I am looking for an efficient Python implementation of a function that takes a decimal formatted string, e.g.
2.05000
200
0.012
and returns a tuple of two integers representing the significand and exponent of the input in base-10 floating point format, e.g.
(205,-2)
(2,2)
(12,-3)
List comprehension would be a nice bonus.

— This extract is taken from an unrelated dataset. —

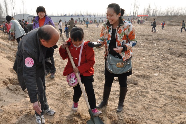 植樹節前夕,教育廣播帶領20組聽眾家庭,來到黃河岸邊種植樹苗。一到達種植地點,面對大片的沙漠化土地,教育廣播總監張建功談起了這次活動的初衷,“舉目望去,周圍全是沙灘,可以想到很多沙漠化的土地。我們教育廣播有責任讓孩子知道,愛護我們的家園從小做起,從我做起,從種植每一顆樹苗做起?!?0組聽眾家庭將一顆顆充滿希望的果樹苗和自己的心愿卡一同種下。家庭代表說,“這個活動非常有意義,能夠讓小孩子跟小樹一起成長,把這心愿埋到樹下面。在他成長過程中有一個這么好的回憶,我們覺得非常高興?!?/p>

I have a gut feeling that there exists an efficient (and possibly Pythonic) way of doing this but it eludes me...
import pandas as pd
import numpy as np
ser1 = pd.Series(['2.05000', '- 2.05000', '00 205', '-205', '-0', '-0.0', '0.00205', '0', np.nan])
ser1 = ser1.str.replace(' ', '')
parts = ser1.str.split('.').apply(pd.Series)
# remove all white spaces
# strip leading zeros (even those after a minus sign)

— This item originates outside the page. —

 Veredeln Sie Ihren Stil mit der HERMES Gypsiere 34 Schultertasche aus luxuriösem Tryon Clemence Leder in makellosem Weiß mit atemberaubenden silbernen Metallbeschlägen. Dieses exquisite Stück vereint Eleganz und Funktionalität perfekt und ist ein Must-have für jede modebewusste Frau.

parts.ix[:,0] = '-'*parts.ix[:,0].str.startswith('-') + parts.ix[:,0].str.lstrip('-').str.lstrip('0')
parts.ix[:,1] = parts.ix[:,1].fillna('') # fill non-existamt decimal places
exponents = -parts.ix[:,1].str.len()
parts.ix[:,0] += parts.ix[:,1] # append decimal places to digit before decimal point
parts.ix[:,1] = parts.ix[:,0].str.rstrip('0') # strip following zeros
exponents += parts.ix[:,0].str.len() - parts.ix[:,1].str.len()

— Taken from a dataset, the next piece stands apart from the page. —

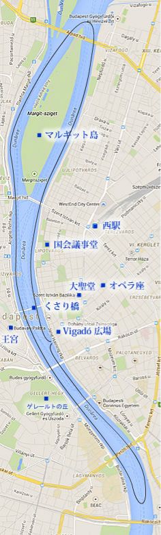 (鎖橋とエリザベート橋の間、Marriottホテルの前に) |

parts.ix[:,1][(parts.ix[:,1] == '') | (parts.ix[:,1] == '-')] = '0'
significands = parts.ix[:,1].astype(float)
df2 = pd.DataFrame({'exponent': exponents, 'significand': significands})
df2
Input:
0 2.05000
1 - 2.05000
2 00 205
3 -205
4 -0
5 -0.0
6 0.00205
7 0
8 NaN
dtype: object
Output:
exponent significand
0 -2 205
1 -2 -205
2 0 205
3 0 -205
4 0 0
5 0 0
6 -5 205
7 0 0
8 NaN NaN
[9 rows x 2 columns]
Here's a straight-forward string processing solution.
def sig_exp(num_str):
parts = num_str.split('.', 2)
decimal = parts[1] if len(parts) > 1 else ''
exp = -len(decimal)
digits = parts[0].lstrip('0') + decimal
trimmed = digits.rstrip('0')
exp += len(digits) - len(trimmed)
sig = int(trimmed) if trimmed else 0
return sig, exp
>>> for x in ['2.05000', '200', '0.012', '0.0']:
print sig_exp(x)
(205, -2)
(2, 2)
(12, -3)
(0, 0)
I'll leave the handling of negative numbers as an exercise for the reader.